How to use CAD software to reduce material waste in industrial designs

  • Articles
  • Mar 19,22
Errors and mistakes during the design process can lead to costly material waste later on. With the right CAD software, it’s often possible to make design mistakes much less likely, says Emily Newton.
How to use CAD software to reduce material waste in industrial designs

Without the right approach, manufacturing can be a wasteful process. Design oversights and manufacturing errors can both result in significant material waste.

Computer-aided design (CAD) software is already a popular tool among many industrial designers, but not every company is using CAD tools to their full potential. 

In practice, the technology can help to significantly reduce design and production errors — making manufacturing much less wasteful.

Minimizing errors with CAD software
A lean manufacturing approach often benefits from new technology that can help make manufacturing processes much more efficient.
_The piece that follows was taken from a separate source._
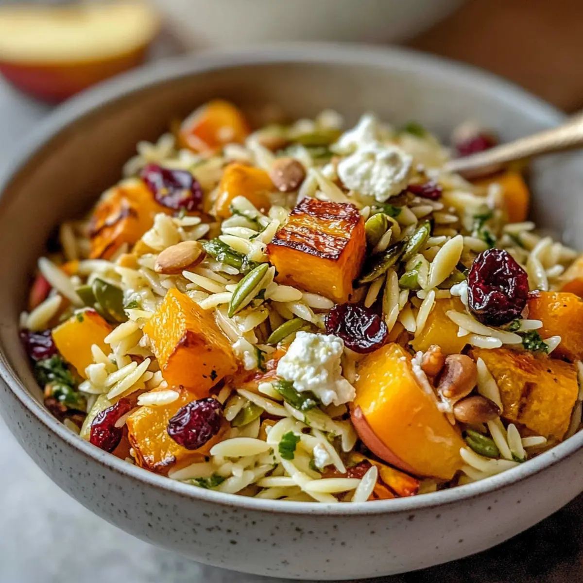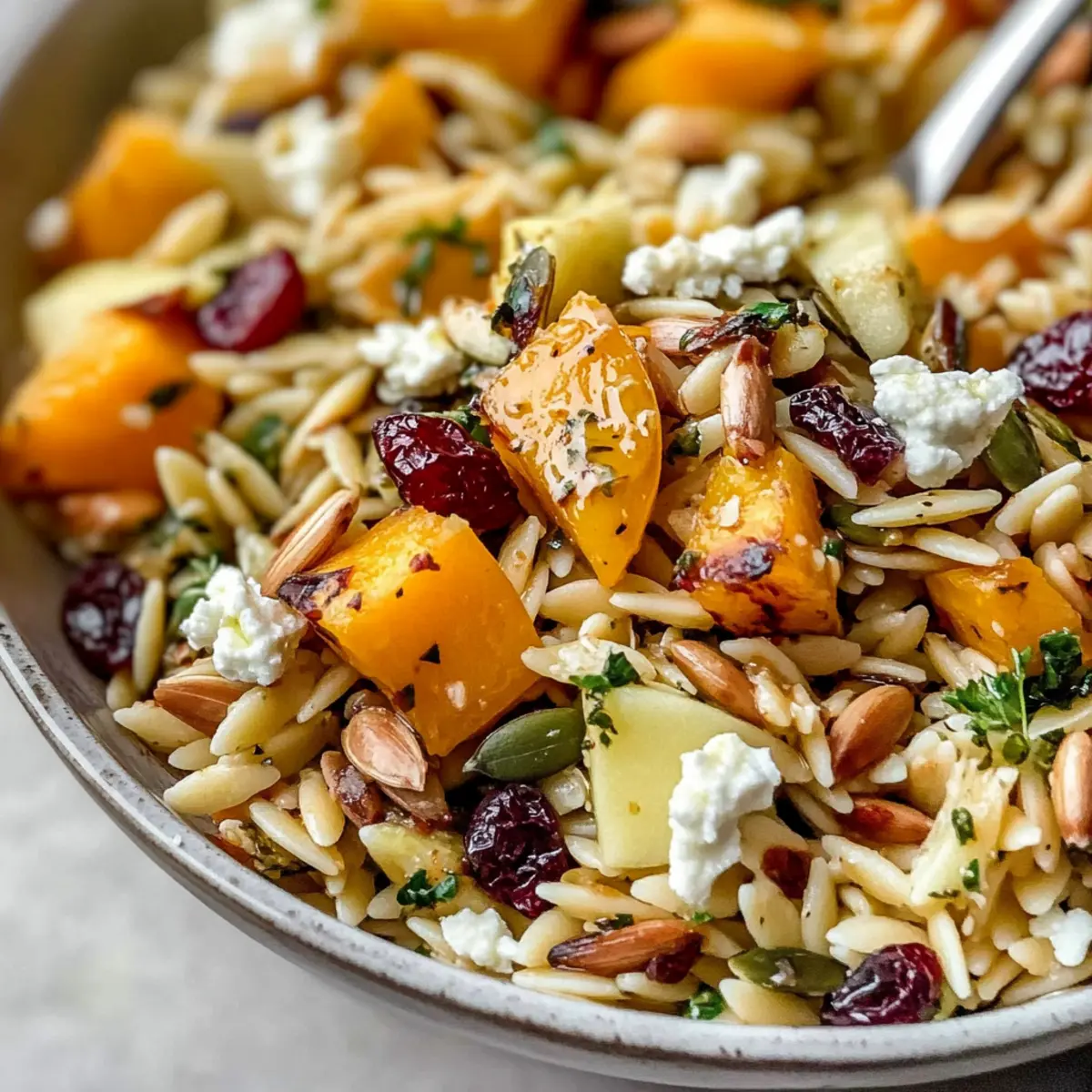 Wenn die ersten Blätter fallen und die Luft frisch und klar wird, ist es an der Zeit, die Küche mit warmen, herzlichen Aromen zu füllen. Der Herbsternte Orzo Salat mit Ahornvinaigrette bringt die besten Geschmäcker dieser Jahreszeit zusammen: nussiges Orzo, zarte Kürbisstücke und knackige Äpfel vereinen sich in einem bunten Fest der Aromen. Dieses Rezept ist nicht nur eine Augenschmaus, sondern auch perfekt für jede Gelegenheit – sei es ein geselliges Beisammensein, ein Sonntagsessen oder als köstliche Beilage zu deinem Grillgericht. Zudem ist der Salat unglaublich vielseitig und kann ganz leicht an verschiedene Ernährungsbedürfnisse angepasst werden, sogar glutenfrei zubereitet werden! Bist du bereit, diese herbstliche Geschmacksexplosion auszuprobieren? Warum ist dieser Herbsternte Orzo Salat besonders? Vielfalt, die begeistert: Dieser Herbsternte Orzo Salat ist nicht nur köstlich, sondern auch überraschend anpassbar – ob glutenfrei oder vegetarisch, er trifft jeden Geschmack! Herzhafte Aromen: Die Kombination aus nussigem Orzo, süßem Kürbis und knackigen Äpfeln ergibt ein Geschmackserlebnis, das deine Sinne verzaubert. Einfach und schnell: Mit wenigen, frischen Zutaten bietet dieses Rezept eine unkomplizierte Zubereitung, ideal für vielbeschäftigte Tage. Perfekte Präsentation: Die lebhaften Farben und Texturen machen diesen Salat zu einem echten Hingucker auf jedem Tisch, ideal für Feste oder einladende Abende. Resteverwertung: Dieser Salat schmeckt nicht nur frisch, sondern verbessert sich sogar, wenn er im Kühlschrank durchzieht – also ideal für Meal Prep! Finde auch andere leckere Rezepte wie unseren Erdbeer Salat Feta oder den Italienischen Hähnchen Salat, die perfekt zur Saison passen. Herbsternte Orzo Salat Zutaten • Mit diesen Zutaten zaubert ihr einen unwiderstehlichen Herbsternte Orzo Salat! Für den Salat Orzo Pasta – bildet die herzliche Grundlage des Salats; glutenfreie Varianten aus Reis oder Mais sind ebenfalls erhältlich. Butternut Kürbis – bringt Süße und Textur; unbedingt bis zur Karamellisierung rösten, um den besten Geschmack zu erzielen. Rosenkohl – sorgt für den Crunch; dünn geschnitten und geröstet, um eine fade Note zu vermeiden. Rote Zwiebel – fügt Schärfe und Süße hinzu; leicht geröstet für eine harmonische Geschmacksintegration. Apfel – bietet Frische und Knackigkeit; keine speziellen Substitutionen erforderlich. Getrocknete Cranberries – liefern eine süß-säuerliche Note; bei Bedarf können Rosinen als Ersatz dienen. Kürbiskerne – bieten Crunch und Nährstoffe; andere Nüsse sind eine gute Variante. Ziegenkäse – fügt Cremigkeit hinzu; optional, aber empfehlenswert; kann weggelassen werden für eine milchfreie Version. Für das Ahorn-Dressing Balsamico-Essig – sorgt für eine ausgewogene Säure; ideal für die Aromatisierung des Dressings. Olivenöl – bringt gesunde Fette; das hochwertige Öl macht einen großen Unterschied im Geschmack. Dijon-Senf – hilft beim Emulgieren des Dressings; sorgt für eine feine Geschmackstiefe. Ahornsirup – fügt eine süße Note hinzu und harmoniert wunderbar mit den anderen Aromen; eine köstliche Beigabe im Herbsternte Orzo Salat. Knoblauchpulver – für einen sanften Geschmack; frisch gehackter Knoblauch kann auch verwendet werden. Wasser – zur Verdünnung des Dressings nach Geschmack; für die gewünschte Konsistenz. Mit dieser köstlichen Zutatenliste bist du bereit, einen unvergesslichen Herbsternte Orzo Salat zu kreieren! Schritt-für-Schritt-Anleitung für den Herbsternte Orzo Salat Schritt 1: Orzo kochen Koche die Orzo-Pasta gemäß den Anweisungen auf der Verpackung in einem großen Topf mit leicht gesalzenem Wasser, bis sie al dente ist, etwa 8-10 Minuten. Achte darauf, gelegentlich zu rühren, um ein Ankleben zu verhindern. Sobald die Pasta fertig ist, abgießen und leicht abkühlen lassen, während du die anderen Zutaten vorbereitest. Schritt 2: Gemüse rösten Heize den Ofen auf 200 °C vor. Breite die gewürfelten Stücke von Butternut-Kürbis, die geschnittene rote Zwiebel und die dünn geschnittenen Rosenkohlblätter auf einem Backblech aus. Besprühe das Gemüse leicht mit Avocadoöl und bestreue es mit einer Prise Salz. Röste das Gemüse für 20-25 Minuten, bis es zart und goldbraun karamellisiert ist. Lasse das Gemüse danach vollständig abkühlen. Schritt 3: Dressing zubereiten In einer kleinen Schüssel vermischst du Balsamico-Essig, Olivenöl, Dijon-Senf, Ahornsirup, Knoblauchpulver und Wasser. Schlage alle Zutaten kräftig mit einem Schneebesen durch, bis eine homogene, cremige Emulsion entsteht. Schmecke das Dressing mit einer Prise Salz ab, um die Aromen perfekt auszubalancieren. Schritt 4: Zutaten kombinieren In einer großen Schüssel gibst du die abgekühlte Orzo-Pasta, das geröstete Gemüse und das frisch zubereitete Ahorn-Dressing. Vermische alles vorsichtig mit einem großen Löffel, sodass die Pasta gleichmäßig mit dem Dressing überzogen wird und die Aromen gut verteilt sind. Schritt 5: Ziegenkäse hinzufügen Lasse den Salat auf Raumtemperatur abkühlen, bevor du den zerbröckelten Ziegenkäse darüberstreust. Du kannst den Käse entweder gleichmäßig auf der Oberfläche verteilen oder vorsichtig unter den Salat heben, je nach Vorliebe. Schritt 6: Servieren oder lagern Serviere den Herbsternte Orzo Salat sofort für einen frischen Genuss oder stelle ihn in den Kühlschrank, damit die Aromen miteinander verschmelzen. Er kann bis zu vier Tage in einem luftdichten Behälter aufbewahrt werden. Bei Bedarf noch etwas Dressing hinzufügen, bevor du ihn servierst. Aufbewahrungstipps für den Herbsternte Orzo Salat Für den Raumtemperatur: Halte den Salat nicht länger als 2 Stunden bei Raumtemperatur, um die Frische und Sicherheit zu gewährleisten. Im Kühlschrank: Du kannst den Herbsternte Orzo Salat bis zu 4 Tage in einem luftdichten Behälter im Kühlschrank aufbewahren. Das Dressing sorgt dafür, dass die Aromen g

Even simple CAD tools, however, can reduce waste in manufacturing.

In industrial manufacturing, waste often comes from avoidable errors that require manufacturers to discard products and components and start over. 

CAD tools can help designers reduce the frequency of manufacturing errors that may lead to costly revisions, reworks and scrapped prototypes. 

Simply using CAD to automate manufacturing processes can help to reduce human error. Computer-aided manufacturing tools — like CNC machines, lathes and water cutters — are remarkably consistent and don’t get tired, even with extended use. 

By handing off as much of the manufacturing process to these machines as possible.

So long as they are properly maintained, these machines can work continuously for multiple shifts in a row without a growing risk of error, unlike a manufacturing worker who will necessarily need time for rest and recovery.

Simple to moderate geometry, for example, can often be machined overnight in a machine shop, without the same risk of error or injury that would come with asking a machinist to work through the night.

CAD software and computer-aided manufacturing may also make changes to designs that occur during the design process less likely to create errors. Human workers will need time to adapt to the new manufacturing process. During this period, they may be more likely to confuse the old design and new one, leading to production errors.

A computer-aided manufacturing tool will also help a manufacturing facility or machine shop to switch from one version of a design to another with less chance of error, so long as necessary changes to the machine — like its tooling — are made before manufacturing of the new design begins.

Simulating designs to reduce error
CAD software may also come with simulation tools that can help designers predict how well a design will function in operating conditions — reducing the risk that a prototype design doesn’t stand up to real-world testing.

For example, a shop may be asked by a client to design outdoor grating for a new structure. Both the grating’s design and its material will need to be carefully considered if the end-product will survive both significant temperature changes and a variety of weather conditions.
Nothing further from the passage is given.